Once you click on it it will give you the option to approve or disapprove of the members post and allow you to leave comments regarding the particular post. Comments are greatly appreciated, because it can help a member learn why they received the reputation. Then click "Add to Reputation" *Reputation should NOT be based on personal opinions or feelings about the subject discussed, nor should it be based on personal feelings towards another member.* The more mature we can be about the reputation system the more the reputation system can work to our advantage. 

Some good examples of reasons to give positive reputation are if you learned something new from the members post, or they posted information that helped answer a question you may have had. Is a picture worth a reputation point? Sure, if you learned something new from it or it helped you out. Probably not worth a positive reputation point because you thought their dog was cute.

Is negative reputation valid because you don't believe with a person's political or religious views? I would say no, but it would be worth it if they posted poor advice regarding husbandry practices or how to barbecue dart frogs. [ by "poor" advice, I believe this is meant to suggest intentionally misinforming someone, an uncommon occurrence IMO. More deserving of neg rep are belligerent comments, aggressive writing, inappropriate 'humor' etc]

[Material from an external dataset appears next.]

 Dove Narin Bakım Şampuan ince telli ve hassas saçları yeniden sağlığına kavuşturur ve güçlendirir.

*How do I view MY reputation?*
To view your reputation, click the User CP under Site Navigation on the left-hand side of the page. Reputation received and any comments will be found at the bottom of the User CP page.

I hope this helps.


----------



## Jason (Oct 14, 2004)

*How much reputation is given? What is reputation power?*

The amount of reputation that each user will give (or take away if negative) is shown in the user's posts as 'Reputation Power'. The value of the reputation power is determined by the administrator and may increase over time depending on the settings they have applied. It may depend on the length of time you have been a member, the amount of posts you have and the amount of reputation you currently have. 

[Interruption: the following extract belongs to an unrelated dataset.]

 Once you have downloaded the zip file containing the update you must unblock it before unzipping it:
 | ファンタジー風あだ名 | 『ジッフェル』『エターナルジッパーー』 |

*How do I know my reputation power?*
On the left had side under Site Navigation, click Home. Your Rep Power will be displayed under the User CP Box, near the top right hand side. It will say Rep Power: and them a number.


----------



## Marinarawr (Jan 14, 2009)

You know what... I had no idea how the reputation system worked until I read this post. I had skimmed over some discussion on what warranted reputation increases and decreases but never a "how to". Thanks!


----------



## Jellyman (Mar 6, 2006)

So basically if you decide someones opinion is invalid because it differs from yours on how they raise their frogs that their opinion deserves a negative reputation hit rather then a civil discussion of pros and cons based on personal experience?? That would ultimately cause many members not to post because they simply do not want to be bashed based on their opinion.


----------



## jubjub47 (Sep 9, 2008)

Jellyman said:


> So basically if you decide someones opinion is invalid because it differs from yours on how they raise their frogs that their opinion deserves a negative reputation hit rather then a civil discussion of pros and cons based on personal experience?? That would ultimately cause many members not to post because they simply do not want to be bashed based on their opinion.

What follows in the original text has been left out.